TASK TO COMPLETE: Among the entries below, find all lines that include "what" and copy them.

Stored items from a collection
Content starts

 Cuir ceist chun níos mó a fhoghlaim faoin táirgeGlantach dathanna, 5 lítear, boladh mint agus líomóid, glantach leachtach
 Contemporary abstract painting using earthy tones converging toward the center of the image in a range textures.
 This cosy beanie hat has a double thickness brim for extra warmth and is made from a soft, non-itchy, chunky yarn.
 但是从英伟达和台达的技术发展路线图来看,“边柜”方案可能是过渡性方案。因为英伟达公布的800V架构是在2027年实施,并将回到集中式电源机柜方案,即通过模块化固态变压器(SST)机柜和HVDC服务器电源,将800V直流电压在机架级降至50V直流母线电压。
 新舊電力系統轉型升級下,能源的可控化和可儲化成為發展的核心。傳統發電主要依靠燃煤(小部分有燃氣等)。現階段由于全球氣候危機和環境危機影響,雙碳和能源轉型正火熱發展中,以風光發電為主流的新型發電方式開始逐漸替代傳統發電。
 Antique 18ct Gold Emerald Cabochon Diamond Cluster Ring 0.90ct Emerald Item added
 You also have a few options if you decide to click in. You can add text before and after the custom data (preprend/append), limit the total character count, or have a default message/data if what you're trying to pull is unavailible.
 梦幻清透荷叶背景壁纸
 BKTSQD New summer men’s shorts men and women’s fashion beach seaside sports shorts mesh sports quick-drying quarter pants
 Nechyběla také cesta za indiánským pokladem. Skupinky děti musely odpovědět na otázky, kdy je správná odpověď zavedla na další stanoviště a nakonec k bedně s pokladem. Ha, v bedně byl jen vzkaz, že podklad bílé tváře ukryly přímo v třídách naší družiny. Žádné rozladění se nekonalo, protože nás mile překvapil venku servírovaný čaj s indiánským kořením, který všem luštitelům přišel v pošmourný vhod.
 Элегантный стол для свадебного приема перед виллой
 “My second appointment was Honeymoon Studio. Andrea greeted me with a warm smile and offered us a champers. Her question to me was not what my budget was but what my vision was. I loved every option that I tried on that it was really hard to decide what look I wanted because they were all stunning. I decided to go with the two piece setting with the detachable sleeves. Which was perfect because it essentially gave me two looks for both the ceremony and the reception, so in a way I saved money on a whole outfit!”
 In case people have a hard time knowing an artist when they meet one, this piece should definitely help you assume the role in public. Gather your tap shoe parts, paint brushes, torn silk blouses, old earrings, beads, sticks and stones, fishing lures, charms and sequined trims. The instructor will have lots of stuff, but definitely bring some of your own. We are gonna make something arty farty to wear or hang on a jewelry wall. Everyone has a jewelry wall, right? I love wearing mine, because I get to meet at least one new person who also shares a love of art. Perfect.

Content ends

YOUR SOLUTION:
 You also have a few options if you decide to click in. You can add text before and after the custom data (preprend/append), limit the total character count, or have a default message/data if what you're trying to pull is unavailible.
 “My second appointment was Honeymoon Studio. Andrea greeted me with a warm smile and offered us a champers. Her question to me was not what my budget was but what my vision was. I loved every option that I tried on that it was really hard to decide what look I wanted because they were all stunning. I decided to go with the two piece setting with the detachable sleeves. Which was perfect because it essentially gave me two looks for both the ceremony and the reception, so in a way I saved money on a whole outfit!”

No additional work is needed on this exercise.